Smash the Power of Imperial Finance Capital

A must-read article by Kevin Drum at Mother Jones on the power of the finance lobby.  He cites figures from (but doesn't link) this page at the politics-'n-money tracking website opensecrets.org on how the finance lobby, at $475 million in political spending, dwarfs even the healthcare sector, the next relatively specific sector at $167 million.  There are four categories inbetween, however, comprising one and a quarter million dollars, so clearly a lot of the action is there, in "Other, Ideology/Single-issue, Misc Business, and Lawyers and Lobbyists".  Finance, in this way of slicing things, is actually finance, real estate, and insurance, so it includes other activities than strictly financial ones although the role of real estate and insurance in the financial sector, and the recent meltdown, is well known.  Still, this is a big wad.

The article has lots of details about how they've used that power, and what they got for their money.  Kinda makes you want to revisit more sympathetically the kind of attitude represented by the headlines of the minute left-sectarian fringe newspapers that used to be (and must still be---some things will never change) hawked at demonstrations, and by the title of this post.  Or by this quote (also via Kevin Drum) from a rabble-rousing Thirties radical:

We had to struggle with the old enemies of peace — business and financial monopoly, speculation, reckless banking, class antagonism, sectionalism, war profiteering.
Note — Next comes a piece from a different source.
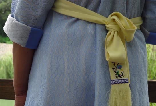 斜襟短衣外的圍腰上部與斜翼兩側(cè)鳥(niǎo)獸花紋,圍腰大部分為純色,色彩選擇較多。而垂在腰后的彩帶尾部有流蘇,助以美觀和裝飾。

Drum is quite a good writer, sprinkling his piece with to-the-point metaphors (Long Term Capital Management was "a relative minnow", and "leverage is a harsh mistress"), and I'm going to add him to my RSS feed if I ever get one set up.  FDR (the rabble-rousing radical quoted above) wasn't too bad with the quotable one-liners either---the remainder of the quote includes the line "We know now that Government by organized money is just as dangerous as Government by organized mob".  Okay, he had good speechwriters.

"The real size of the bailout", also at MoJo, is interesting but really needs a lot more analysis and explanation.  They peg it at $14 trillion, calling it "the price of the bailout" at one point, but I'm not convinced that everything in the graph is money down the tubes for the government, rather than pay-ins to funds for subsidized loans and asset purchases some of which will turn out to be repaid, or worth something.

Update:  There's now some more explanation here.